Nous le crûmes... pendant l'espace d'une année entière ». Ensuite « nous crûmes,
jusqu'en 1830, que le romantisme était l'imitation des Allemands, et nous y ajoutâmes
les Anglais sur le conseil qu'on nous en donna... De 1830 à 1831, nous crûmes que le
romantisme était le genre historique... De 1831 à l'année suivante... nous pensâmes que
c'était le genre intime, dont on parlait fort. Mais quelque peine que nous ayons prise,
nous n'avons jamais pu découvrir ce que c'était que le genre intime... De 1832 à 1833,
il nous vint à l'esprit que le romantisme pouvait être un système de philosophie et
d'économie politique... De 1833 à 1834, nous crûmes que le romantisme consistait à
ne pas se raser, et à porter des gilets à larges revers, très empesés. L'année suivante,
nous crûmes que c'était de refuser de monter la garde. L'année d'après, nous ne crûmes
rien ». Ils consultent alors un jeune homme qui a la prétention de s'y connaître en
parisianisme et en littérature, et celui-ci leur déclare : le romantisme est indéfinissable.
« C'est l'étoile qui pleure, le vent qui vagit, ... le jet inespéré, l'extase alanguie, la citerne
sous les palmiers... la robe blanche des saules... l'infini et l'étoile... le désenivré... le
diamétral, le pyramidal... le tourbillonnant », etc.

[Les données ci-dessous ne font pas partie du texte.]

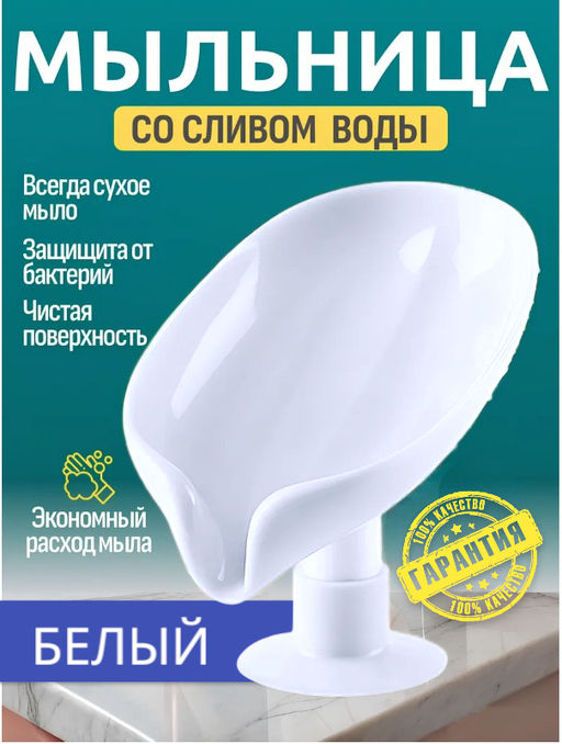 Подставка для мыла Белая со сливом на присоске 12x8x10см, мыльница

Alors, réduits à leurs propres forces,
ils trouvent enfin ce qu'est le romantisme, et que pour transporter n'importe quel texte
en style romantique le procédé « est très simple : il suffit d'ajouter quantité d'adjectifs.
Si nous avons cité un peu longuement ce texte, c'est bien parce que sous sa forme
humoristique cette fable contient plus d'un enseignement. On y trouve un assez bon
répertoire des thèmes, des genres, des catégories esthétiques - et même des
comportements - qu'affectionnait le romantisme comme mouvement. Le romantisme
est un état d'esprit global, qui inspire tous des cas particuliers.
c) Sens psychologique
Un troisième sens du terme tient à la psychologie et à l’homme en tant qu’être
psychique. C’est une extrapolation du sens esthétique par le biais philosophique et
psychologique, tendance soutenue dans le XXe siècle. Selon cette tendance le
romantisme serait un état d’esprit ou d’âme, caractérisant certaines étapes de la vie de
l’individu, notamment l’adolescence et la jeunesse. Des comportements spécifiques y
sont associés : des rêveries, le premier amour gâché, des nostalgies inexplicables, des
mélancolies, l’analyse des premiers souvenirs douloureux, l’éclat en larmes, une
certaine sensibilité exacerbée, la tendance d’isolement intérieur, les premières
interrogations concernant l’existence et l’existentialisme, des attitudes révoltées sans
raison, le penchant vers l’imagination outre mesure, etc. Les psychologues apprécient
comme normaux ces états suivant des paramètres mesurables et marqués dans des
tableaux médicaux au-delà desquels un état d’âme de ce type est estimé maladif,
ouvrant vers des formes dépressives. Par voie de conséquence, des expressions comme
« un jeune homme romantique » ou « le romantisme de la vie de quelqu’un » renvoient,
de nos jours et au-delà des sens chronologique et esthétique, à l’état d’esprit d’une
personne trouvée dans une certaine phase de sa vie.